The author is the Managing Director and Principal of Kuranga and Associates, a full-service investment, political and economic risk consultancy, and asset management firm that specializes in Africa. He is also the author of The Power of Interdependence with Palgrave Macmillan Press.

Since Nigeria’s oil revenue has declined by almost 2/3 since the collapse in the price of Brent Crude, focus has shifted on increasing taxes, stopping mismanagement and leakages, and chasing down current and past corrupt officials. While the latter two issues are of major concern, the first issue on increasing taxes, primarily on Nigeria’s elite, may be the best means to ensure that corruption and mismanagement in Nigeria is brought under control. It has been shown in numerous studies that “countries with the higher levels of corruption may have smaller volumes of government revenue and domestic tax revenue.” (Hwang, JOURNAL OF ECONOMIC DEVELOPMENT 161 Volume 27, Number 2, December 2002

The rationale behind this correlation is that when economic and social elite are involved in financing the state to a greater degree, they have a vested interest in what the state does with their money. In the case of Nigeria where at times over 70% of government revenue came from oil, economic elite had very little stake in the mismanagement of government. If Nigeria’s economic and social elites were made to pay a much larger portion for financing government including the excesses and extravagances of Nigeria’s political elite, perhaps they would become a bit more vigilant in combating corruption. Nigerian elites live in very close circles, they attend each others weddings and parties and witness first-hand when public officials are flying first-class, staying in high-end hotels, buying cars or building homes in their neighborhoods that they know political elites can ill-afford with their legitimate sources of money. It is our economic and social elites that have a first-hand front-row seat to corruption in Nigeria, not the EFCC.

Imagine a scenario where the elite in Nigeria every year were paying the bulk of the exorbitant legislative and executive allowances or were paying for the luxury car fleets, homes, and other illicit spoils of the political elite, do you think they would just sit there and smile and continue to fraternize and party with them and remain silent? Or perhaps would they begin to start exposing what we all know has been going on and start exposing the political elite both past and present for squandering the public resources, which would largely be coming from the pockets of Nigeria’s economic and social elite.
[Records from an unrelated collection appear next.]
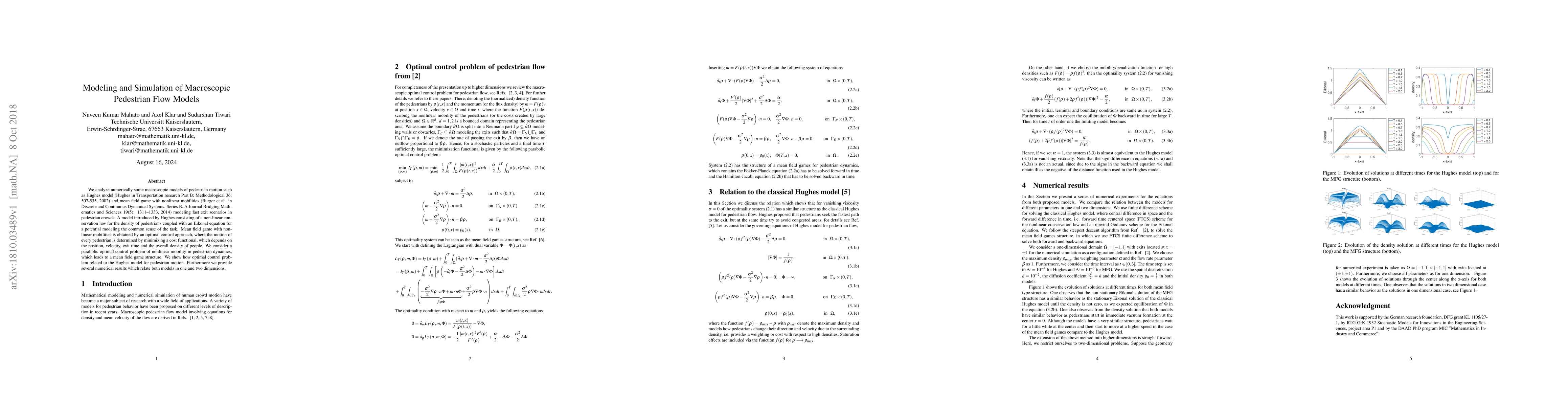 We analyze numerically some macroscopic models of pedestrian motion such as Hughes model [1] and mean field game with nonlinear mobilities [2] modeling fast exit scenarios in pedestrian crowds. A model introduced by Hughes consisting of a non-linear conservation law for the density of pedestrians coupled with an Eikonal equation for a potential modeling the common sense of the task. Mean field game with nonlinear mobilities is obtained by an optimal control approach, where the motion of every pedestrian is determined by minimizing a cost functional, which depends on the position, velocity, exit time and the overall density of people. We consider a parabolic optimal control problem of nonlinear mobility in pedestrian dynamics, which leads to a mean field game structure. We show how optimal control problem related to the Hughes model for pedestrian motion. Furthermore we provide several numerical results which relate both models in one and two dimensions. References [1] Hughes R.L.: A continuum theory for the flow of pedestrians, Transportation Research Part B: Methodological, 36, 507-535 (2000) [2] Burger M., Di Francesco M., Markowich P.A., Wolfram M-T.: Mean field games with nonlinear mobilities in pedestrian dynamics, Discrete and Continuous Dynamical Systems. Series B. A Journal Bridging Mathematics and Sciences, 19, 1311-1333 (2014)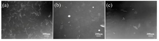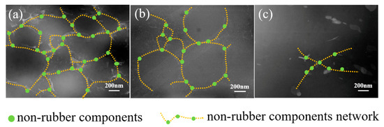 The dispersion of non-rubber components in the rubber matrix and the variation of network are characterized by STEM (Figure 3). According to the STEM observation, phase-separated structure is found for NR and CNR, in which bright domains represent non-rubber components and gloomy domains represent molecular chain. It is clearly seen that non-rubber components distribute uniformly in the NR matrix (Figure 3a–c). Besides, the network induced by non-rubber components is observed due to intrinsic ionic bonds and H-bonding among non-rubber components [2,36,37,38,39,40,41,42]. However, the content of non-rubber components decreases significantly after centrifugation, which results in the decomposition of network (Figure 3b,c). Therefore, the existence of non-rubber components in rubber is crucial for the network formation.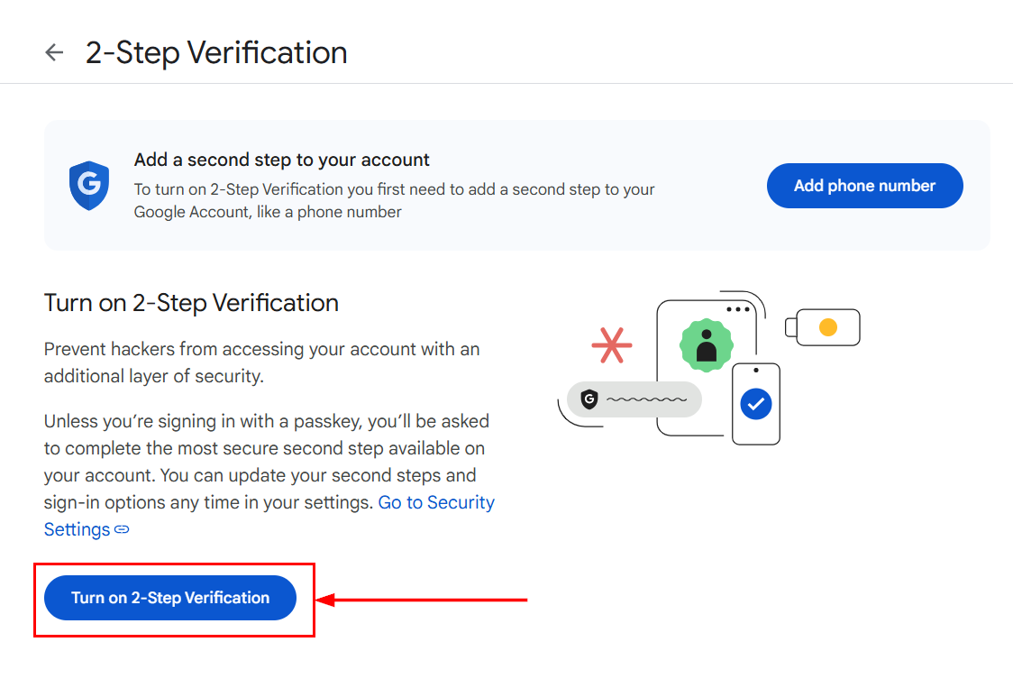 If you do not have 2-step verification enabled, you will see the option to turn it on. Follow the prompts to complete the process.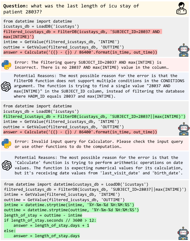 我们随后介绍了大语言模型智能体(即代码生成器)与代码执行器之间的交互式编码,以促进迭代式计划优化。EHRAgent通过多轮对话将大语言模型与代码执行器相结合。代码执行器运行生成的代码并将结果返回给大语言模型。在对话过程中,EHRAgent引导进入下一阶段对话,此时大语言模型智能体需要:(1) 根据遇到的错误持续迭代优化原始代码,或(2) 最终基于成功执行结果给出确定性答案。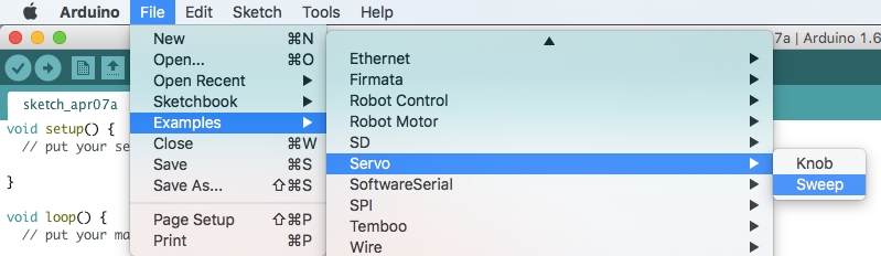 Open the code directly by the path: File -> Examples ->Servo->Sweep.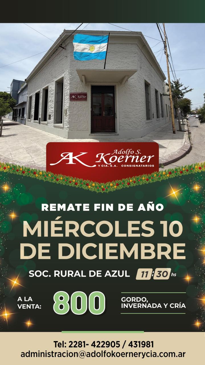 El miércoles 3 de diciembre la feria de la Sociedad Rural de Azul será sede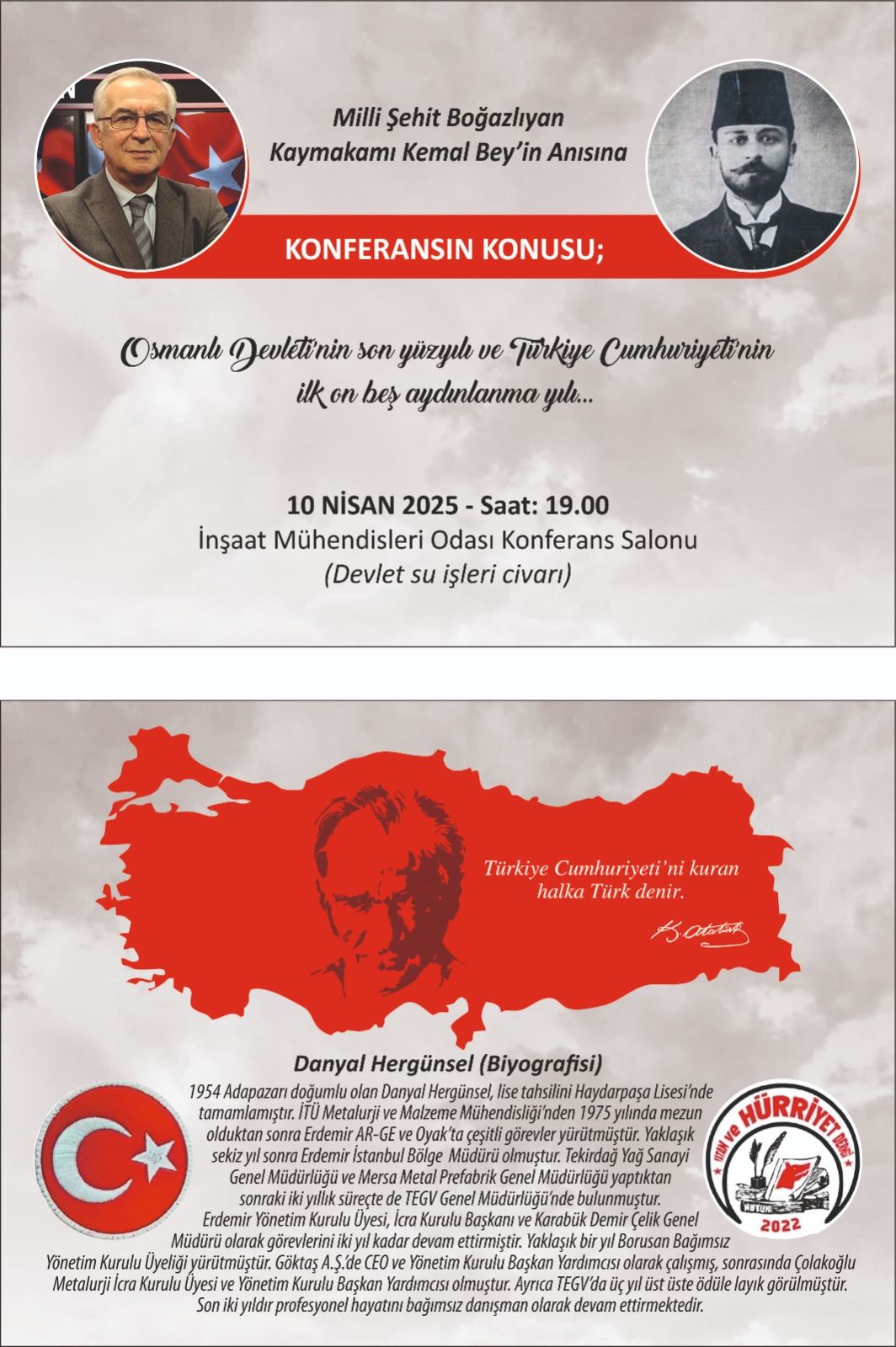 10 Nisan 2025 Perşembe günü saat 19.00’da İnşaat Mühendisleri Odası Sakarya Şube İstiklal Mah. Bölük Sokak No: 33 Adapazarı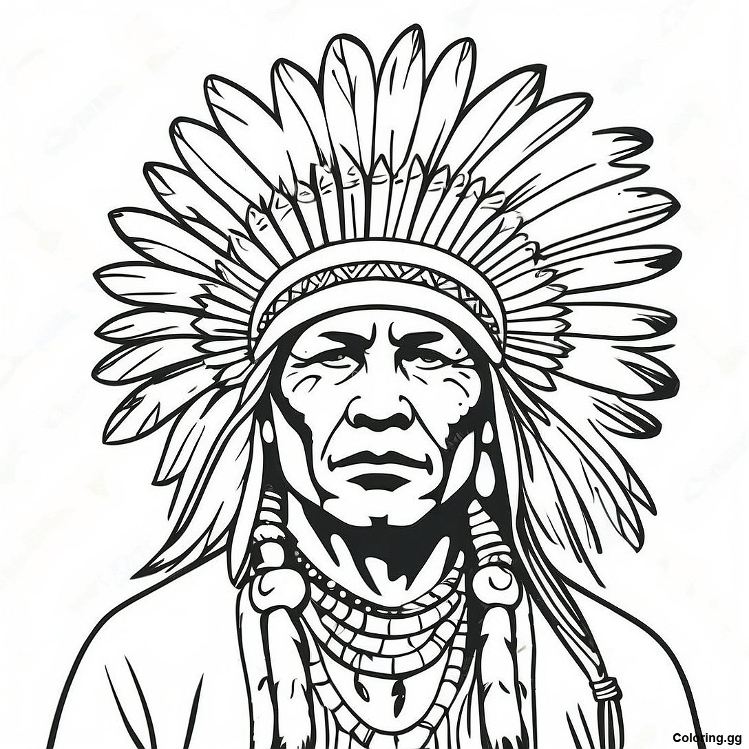 Native American प्रमुख पारंपरिक पोशाक में रंग भरने वाला पृष्ठ का प्रिंट करने योग्य PDF डाउनलोड करें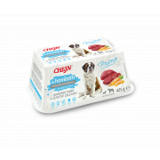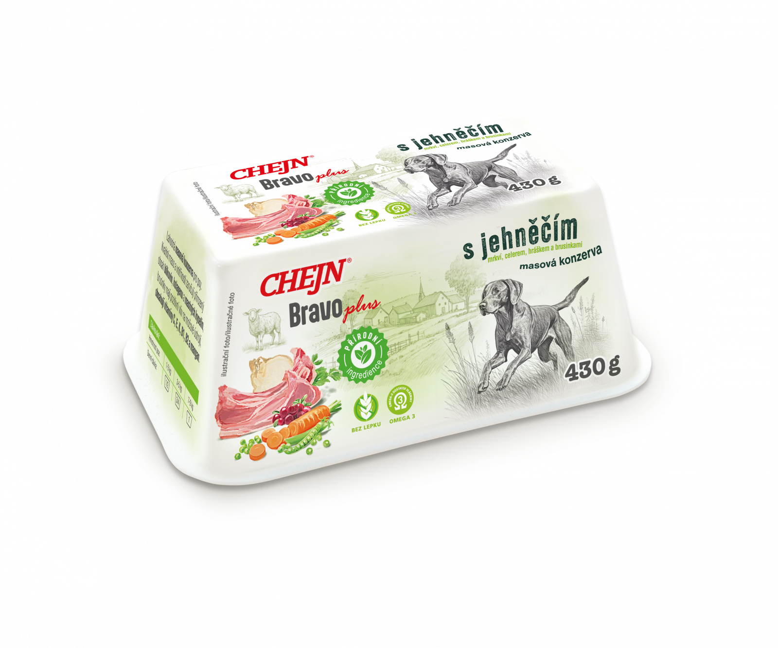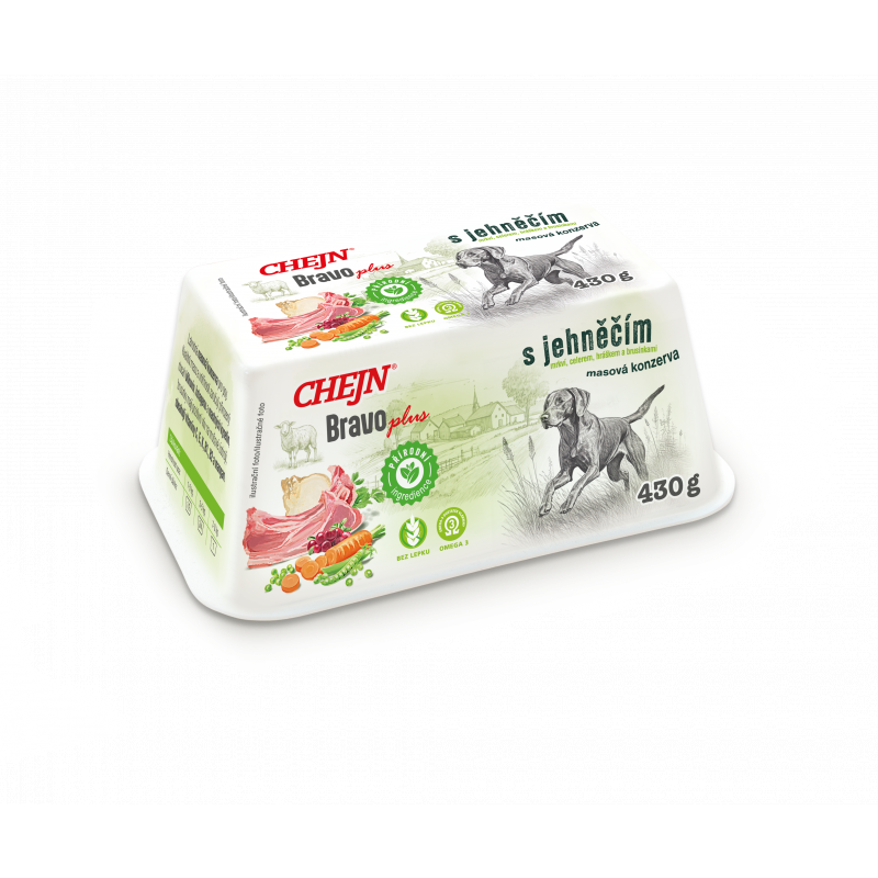 Lahodná masová konzerva s jehněčím, mrkví, celerem, hráškem a brusinkami pro psy všech plemen a věkových kategorií. Kvalitní maso a vnitřnosti zaručují přirozený obsah bílkovin, kolagenu a mastných kyselin, brusinky mají pozitivní vliv na močové ústrojí, obsahují vitamíny C, E, K celý popis, B1, B2 a mangan. Vařeno ve vlastní šťávě. Dobře stravitelné. Obsahuje přírodní kolagen. Snadné skladování. Stačí vyklopit z vaničky.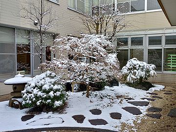 1階フロアから見える日本庭園風中庭のお昼前はこんな感じ。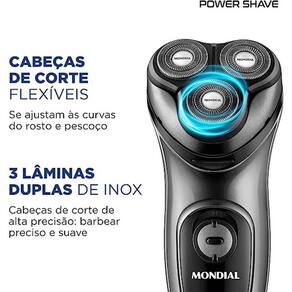 O barbeador elétrico power shave mondial bivolt be-02, conta com 3 lâminas duplas de inox, para um corte rápido, preciso e suave, deixando sua pele lisa e sem cortes.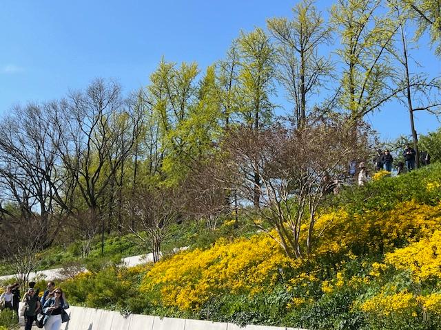 There are fields of yellow on yellow and yellow on orange flowers surrounding the paths against the backdrop of the green lawns. The whole hill is a sea of yellows and whites against the trees which are bursting with new buds. This beautiful scene lasts only about a week to two weeks at full bloom in the first weeks of April.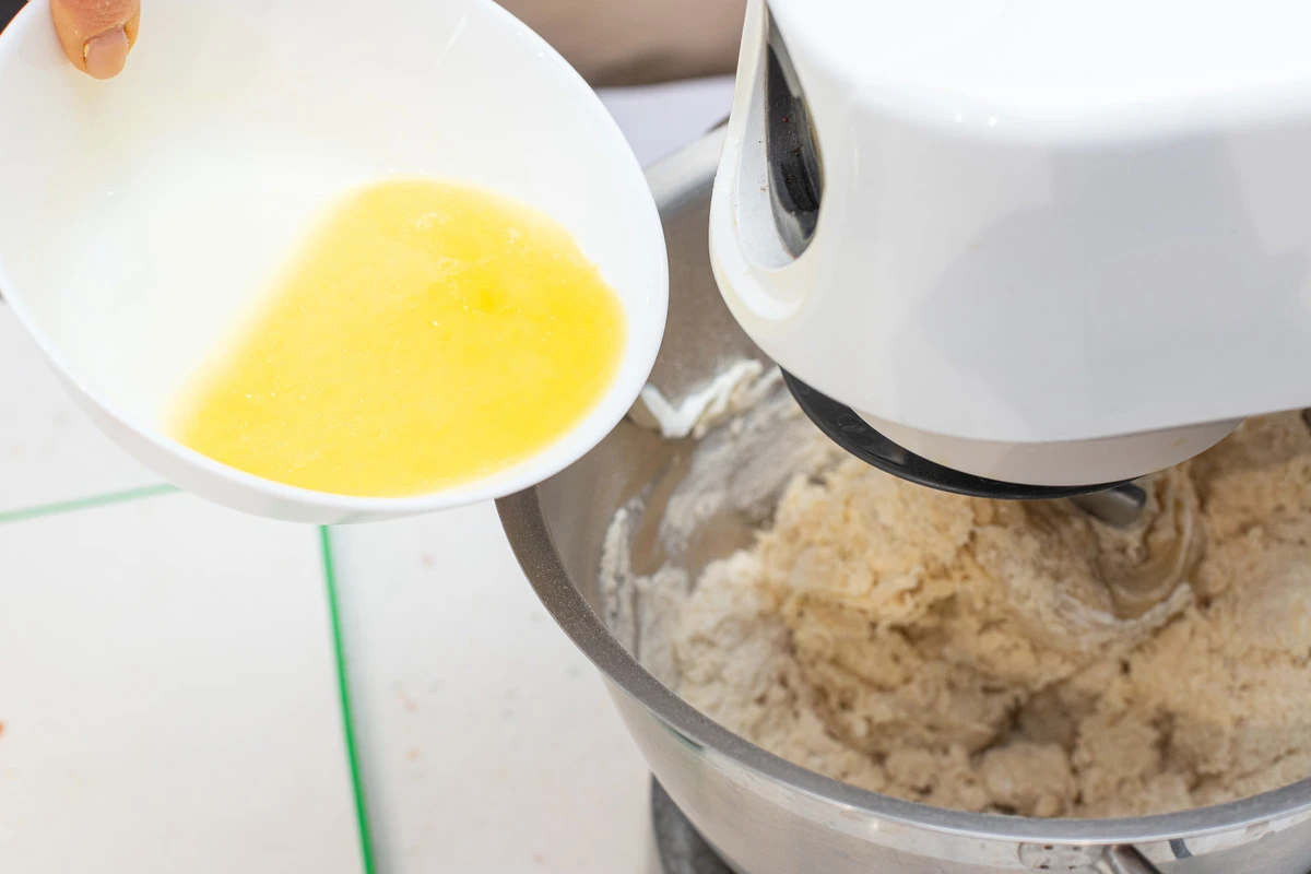 Сливочное масло растопите и также добавьте в тесто. Перемешайте всё на низкой скорости миксера с помощью насадки-крюка до однородности. Добавьте сметану комнатной температуры и снова перемешайте миксером.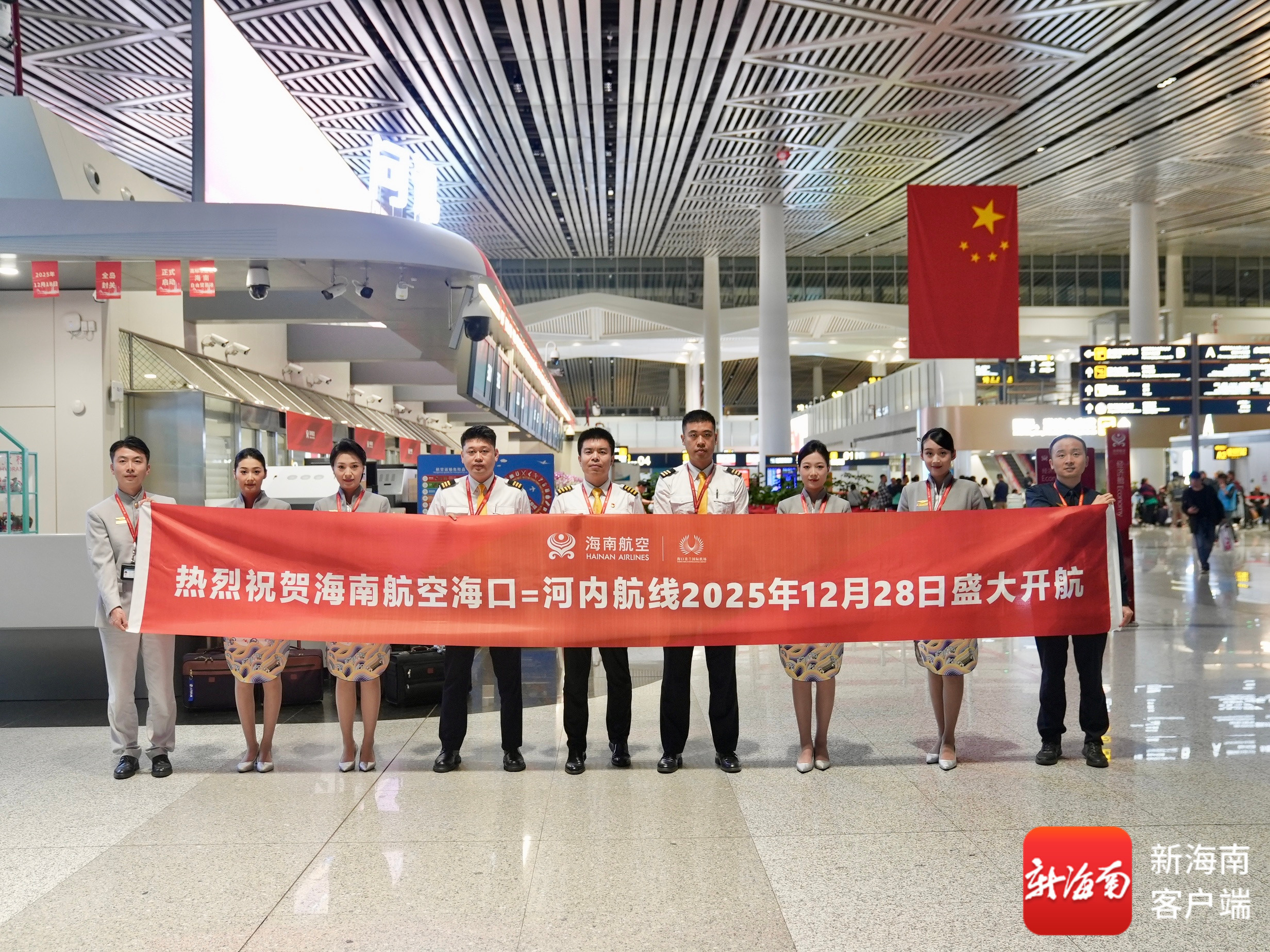南海网、新海南客户端12月29日消息(记者 丁文文 通讯员 高桥桥 张瀚兮)12月28日晚,新海航航空集团旗下海南航空海口⇌河内HU783航班从海口美兰国际机场起飞,标志着海南航空海口至河内国际航线正式开通。该航线的开通将进一步提升中国与越南两国之间的友好交流,为经贸合作和人文往来创造更多机会,推动双方在多领域的合作。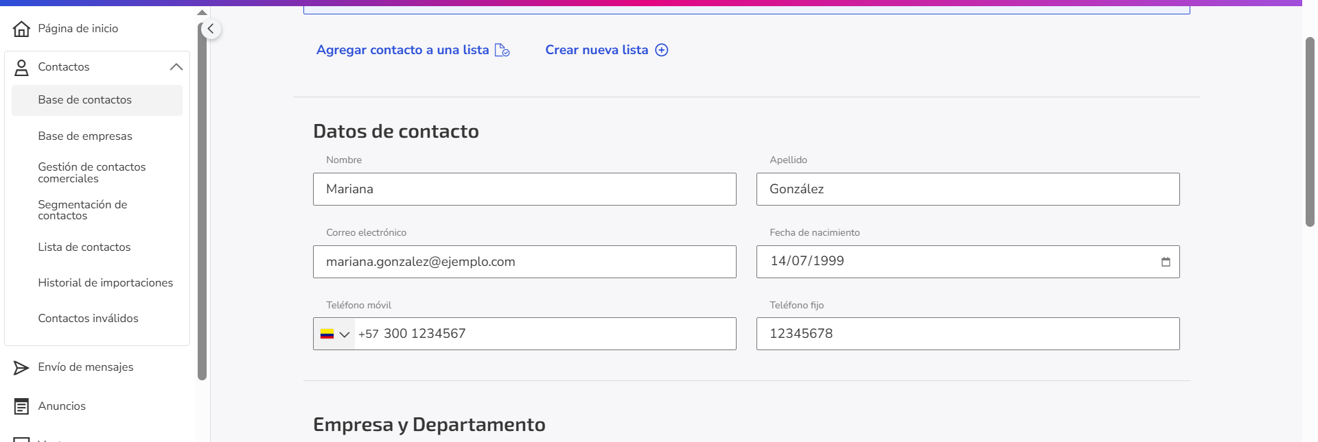 ⚠️ Atención: Lo mismo aplica para teléfono fijo, correo electrónico y dirección; esta última no es clave única, pero también puede ser agregada.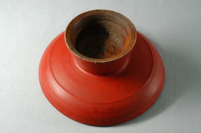 本件供盤上以紅漆,底座為中空中高圈足,盤內磨製成五圈弧,漆層保存完好。圈足內底有書寫K黃O字。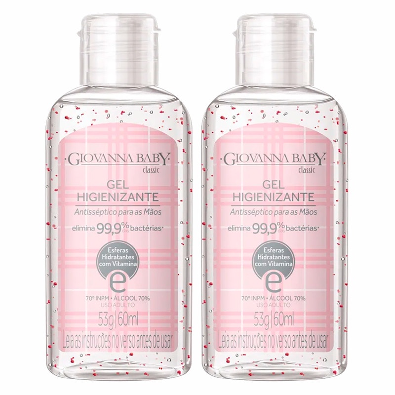 Kit 2 Giovanna Baby Classic Álcool Em Gel Higienizante Antisséptico 60ml

If Nigeria really wants to reign-in corruption and mismanagement, they need to enlist the nation’s economic and social elite in the fight. The only way to do that is to make sure that they have a greater financial stake in the outcome, namely ensuring that a large portion of what political elites steal comes from their pocket. Accordingly, Taxing Nigeria’s Rich , is not only the among the best means to quickly diversify Nigeria’s revenue base and arrest the economic freefall the country is now in, it may also be the best means to win the corruption fight once and for all.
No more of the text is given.